LOS LOROS DISFRAZADOS (LEYENDA ECUATORIANA)
Los ancianos de una tribu de Ecuador relatan como dos
hermanos se salvaron de morir ahogados durante un gran diluvio.
En una gran montaña de Ecuador, cuando las lluvias causan
inundaciones, su cima se eleva hacia el cielo y parece una isla que nunca se
sumerge. A esta montaña fue a la que subieron los dos hermanos, cuando el gran
diluvio desbordó ríos y mares. Estos niños se llamaban Chonta y Pila.
Cuando se dieron cuenta que el mar empezaba a cubrir la
tierra, Chonta cogió la mano de Pila y corrieron hacia la cumbre, que los salvó
de ahogarse. La montaña temblaba y los niños tuvieron que agarrarse a las
raíces y las rocas para no salir rodando hasta los barrancos.
Cuando pasó la lluvia, los niños se asomaron a mirar los
valles y vieron que estaba todo cubierto de agua. No podían bajar hasta lo que
había sido su cabaña, emprendieron la marcha y encontraron una cueva que les
serviría de refugio. Salieron a buscar algo para comer, pero sólo encontraron
hierbas y raíces. Caminaban entre las rocas, levantando las piedras, para
encontrar algún animal, o algo comestible, pero no había nada.
Una tarde, al caer el sol, llegaron a la cueva, desesperados
por la falta de comida. De pronto, la niña vio sobre la piedra donde machacaban
las raíces, un mantel de hojas frescas y encima de ellas, frutas, carnes,
verduras, etc. Después de comerse esos manjares, se pusieron a dormir.
En sueños oyeron gritos y risas de los guacamayos, que
habitan en las oscuras selvas de los valles. A partir de ese día no necesitaron
moverse para encontrar comida, esos misteriosos seres se la llevaban cada día. Nunca
los veían, sólo iban cuando los niños dormían o se alejaban de la cueva.

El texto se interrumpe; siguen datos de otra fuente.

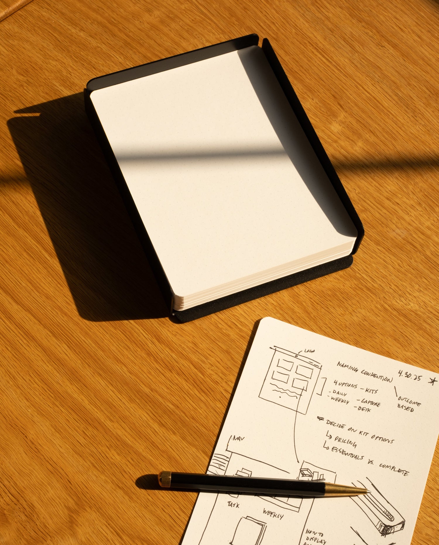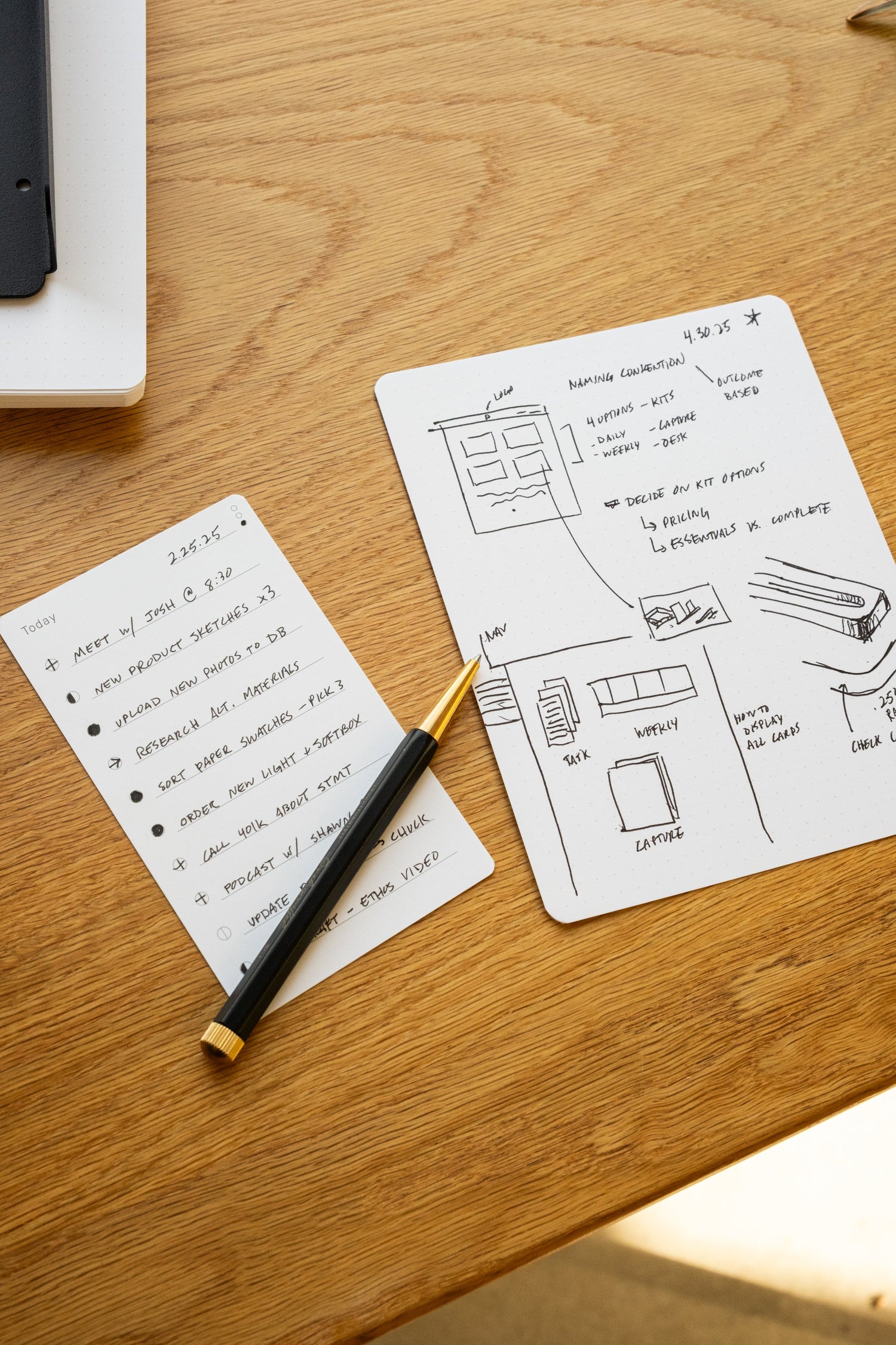 Say goodbye to scattered notes and lost ideas. Capture Cards give you a dedicated place for jotting down ideas, notes, sketches, and everything in between. The sleek steel tray keeps blank cards ready, while a clever flap lets you slide completed ones underneath for easy storage.
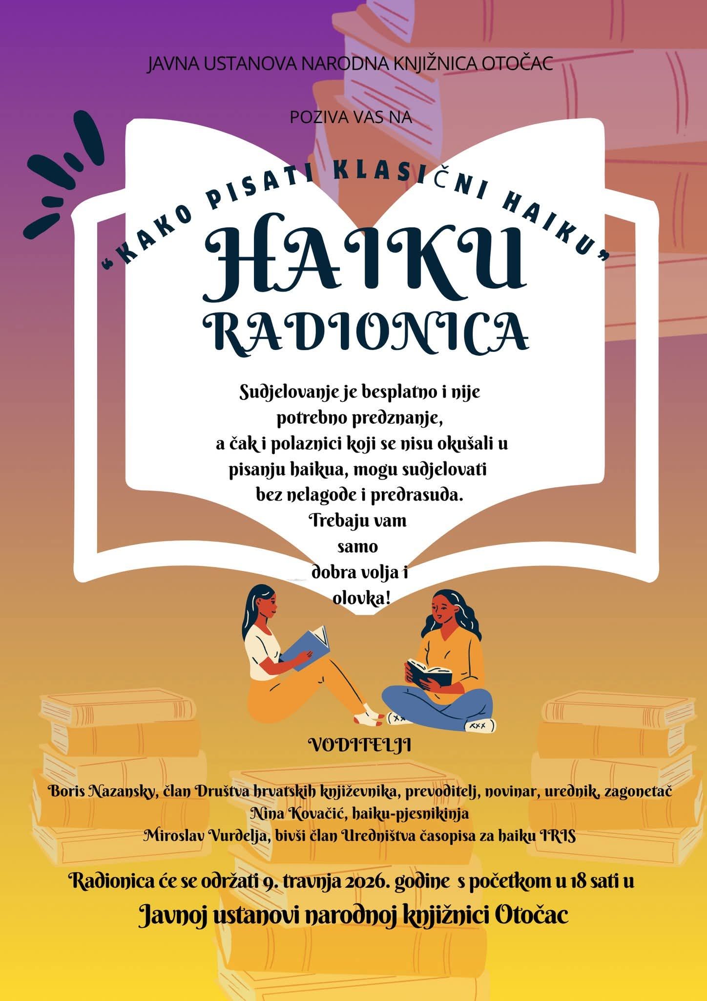 Gradska knjižnica Otočac u četvrtak, 9. travnja 2026., organizira zanimljivu radionicu pod nazivom “Kako pisati klasični HAIKU”.

Muertos de curiosidad por saber quiénes eran lo que les
proporcionaban la comida, pensaron en esconderse cerca de las rocas para
averiguarlo. Antes del amanecer se escondieron junto a la cueva. Después de
unas horas esperando, el sol empezó a calentar las rocas y a los niños les dio
sueño.
De repente, algo los sobresaltó, eran los gritos y aleteos
de unos enormes guacamayos. Eran unos guacamayos extraños, sus plumas de brillantes
colores no relucían. Enseguida se dieron cuenta de que los loros estaban
vestidos con delantales y gorros de cocineros. A los niños les dio tanta risa
que no pudieron seguir escondidos.
Los loros se enfadaron de sus carcajadas y sus burlas. Tampoco
les gusto ser descubiertos. Con las plumas erizadas y los ojos chispeantes
volaron lejos, llevándose la comida.
Los niños siguieron riendo, pero al darse cuenta de que los
guacamayos no volvían, ni ese día, ni en los días posteriores, se dieron cuenta
entonces de su ingratitud y su falta de educación. Con las últimas fuerzas que
les quedaban, gritaron pidiendo perdón a los guacamayos por haberlos espiado y
por reírse de ellos.
Al día siguiente, los guacamayos regresaron, esta vez no
llevaban sus trajes de cocineros sino que lucían sus bellos plumajes. Los niños
crecieron y engordaron con la excelente alimentación que les proporcionaban sus
nuevos amigos.
Todas las tardes se asomaban a los abismo para comprobar si
el agua bajaba en los valles, así se dieron cuenta que poco a poco se volvían a
formar los ríos, los lagos y los mares, la tierra se secaba y volvían a surgir
las selvas.
Un día, los niños, decidieron regresar al lugar donde había
estado su cabaña. Pensaron en llevarse un guacamayo con ellos. Cuando vinieron
como siempre, con los alimentos, entre los dos apresaron a uno de ellos y le
recortaron las alas para que no pudiera volar. Se lo llevaron con ellos
amarrado de una pata.
Estas aves, nunca abandonan a uno de los suyos, así que toda
la bandada siguió a los muchachos hasta la cabaña. En el valle los loros se
transformaron en seres humanos, en chicos y chicas alegres y bellos.
Pasó el tiempo y los niños, ya adultos, se casaron con un
muchacho y una muchacha de esos seres tan hermosísimos. Según cuenta la
leyenda, este es el origen de una raza indígena ecuatoriana.